Most homebuyers and renters have experienced that chill when a real estate agent asks them that one question: How is your credit? But as of August 14, 2018, that question will be haunting fewer potential homebuyers.
A recent study from the New York Fed's Center for Microeconomic Data found that the number of collections accounts and the number of individuals with a collections account on their credit report shrank between June 2017 and June 2018. The change comes from a 2015 settlement between 31 state attorneys general and three credit unions—Experian, Equifax and TransUnion—that created the National Consumer Assistance Plan, which allowed for the companies to limit reporting any credit errors that may impair consumers' scores. Now that the settlement has gone into action, credit reporting agencies are tasked with collecting more frequent and accurate information, and removing some medical bills, library fines, and traffic tickets from influencing a score.
This translates to many consumers seeing a boost to their credit scores of between 11 and 40 points. But before you get excited, there is a caveat: The boost affected, on average, consumers who had a credit score in the low 500s, which is generally seen as bad or poor credit. (The average credit score as of April 2017 for those 30-39 years old was 671.)
Even though 40 points is a small boost, it might be enough for some people to be boosted into the next category. For example, if someone had a "bad" credit score of 545, but they received a 40 point boost from the settlement, then they'd have jumped into the "poor" category.
So what does this mean for those who would like to buy a home? Well, to contextualize this, 680 is usually good enough to get a conventional mortgage. However, FHA loans only require a 500-579 credit score for a 10 percent down payment, and 580 for a 3.5 percent down payment. So, in some cases, this 11 to 40 point bump might be enough for certain people to qualify for a mortgage, says Dr. Mark Fleming, chief economist at First American in Washington, D.C.
"This upward shift of credit scores is more about being able to get in and access the mortgage credit market in the first place to be able to buy a home," he said. Though he doesn't believe the boost is enough to create a surge in homeownership demand, he does think the credit boost is enough to help some borrowers become eligible for home financing, and others to possibly get a cheaper mortgage.
However, Fleming cautions against buying a house now just because you can—if your credit score is high enough to get a mortgage, you still have to calculate how much you can spend per month on the mortgage and how much you can afford to borrow. He reminds those on the lower end of the credit spectrum that if you're looking in a market where prices are high, a stronger credit score isn't going to make that home any more affordable month to month. The same houses are available to you; you just now have more options to pay for it.

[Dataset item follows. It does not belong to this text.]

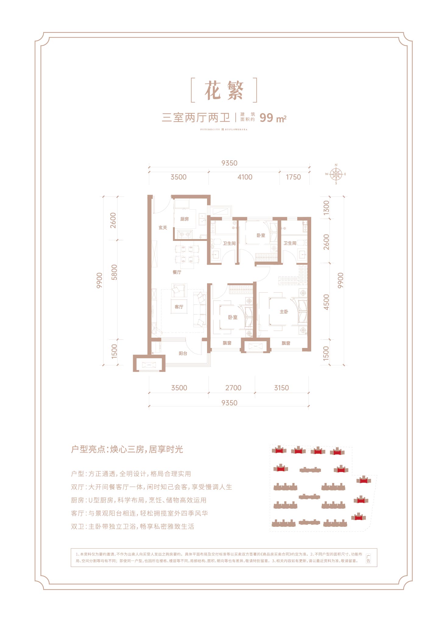 花海未来城,坐落于唐山后花园-花海旁,作为唐山开平排名前列改善项目,花海未来城以2.0容积率的低密格局,和7层、11层洋房为主的建筑业态,为新市区-开平,打造了专属于花海片区的优质低密花园洋房社区。花海未来城占地约6万平米,主要为洋房和小高产品,主力户型为约99㎡双明卫三朝阳南北通透小高层三居室和约135㎡四叶草设计贯通式阳台的七层洋房产品。作为改善社区,建筑施工由央企中冶集团保驾护航,物业由绿城服务提供鼎力支持,确保花海未来城成为区域内优秀的品质改善社区。
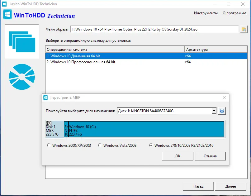 WinToHDD предоставляет возможность установить или переустановить Windows 10/8.1/8/7, загрузившись с ISO файла, а также клонировать системный раздел для быстрого переноса операционной системы на другой диск. В процессе работы программа не требует наличия установочных дисков или флешек — всё делается через подключение ISO-образа и выбор целевого раздела. Установить операционную систему на нужный диск можно даже на работающем компьютере, подключив дополнительный диск, что значительно экономит время и ресурсы. Во время установки или клонирования пользователю будет предложено посетить сайт автора репака, что можно сделать по желанию, сняв галочку.

Dr. Lynn Reaser, a chief economist and adjunct professor of economics at Point Loma Nazarene University, agrees, emphasizing how lower interest rates can help people achieve homeownership. However, she, too, is cautious about those with lower credit entering the market and says that prospective homebuyers should be aware of two major hurdles they face: Rising home prices and interest rates.
"First, home prices continue to rise rapidly, with some prices currently up 5.6 percent from a year ago," Reaser said, via email. "Second, mortgage rates are climbing with the 30-year conventional mortgage rate at around 4.5 percent, up from 3.5 percent two years ago."
The housing market where you're looking is also a big factor of whether this boost will help you afford and finance a home. Those with lower credit scores are more likely to be approved for lower interest rates in cities like Pittsburgh, Pennsylvania; Dallas/Fort Worth, Texas; Detroit, Michigan; St. Louis, Missouri; and Cincinnati, Ohio, where the housing markets are less competitive and buyers have the upper hand. However, if you were looking in the San Francisco Bay Area—where a family earning $135,000 can only afford 20 percent of homes on the market—you would have a hard time finding a home whose mortgage you would be approved for and afford.
Additionally, with a predicted 2020 recession looming, potential borrowers with lower credit should be extra cautious about biting off more than they can chew. If you want to apply for a mortgage (now that you are eligible for one), be aware of the pitfalls of the Great Recession, where nearly four million houses were foreclosed on in each year, according to a report by the Institute for Policy Research at Northwestern University.
"What's more important to preventing the risk of foreclosure isn't necessarily the equity you have in your home, as much as your continued ability to make your mortgage payment," Fleming says.
If you have money saved away, but your credit score was keeping you from getting a low-interest conventional mortgage, then the boost might help you qualify. And since putting down more money as a down payment creates more of a buffer, lenders might offer you a better rate than they recently would have (though if one's credit score was really low, a 40 point increase still may not be enough to even qualify at all).
However, if you're taking advantage of a low-down payment mortgage through an FHA loan—you should still be practical and not buy more than you afford. Conventional advice is that your housing costs shouldn't take up more than 28 percent of your total gross income, and that your total debt (including student loans, car loans, etc.) shouldn't take up more than 36 percent.
"Get a credit report, check your credit score, see how you're doing—maybe you thought you wouldn't be able to buy a home, take another look. Maybe it's gotten better," Fleming said.
And even if your score hasn't changed, it's still a good time to take account of your credit and finances and make a plan to improve.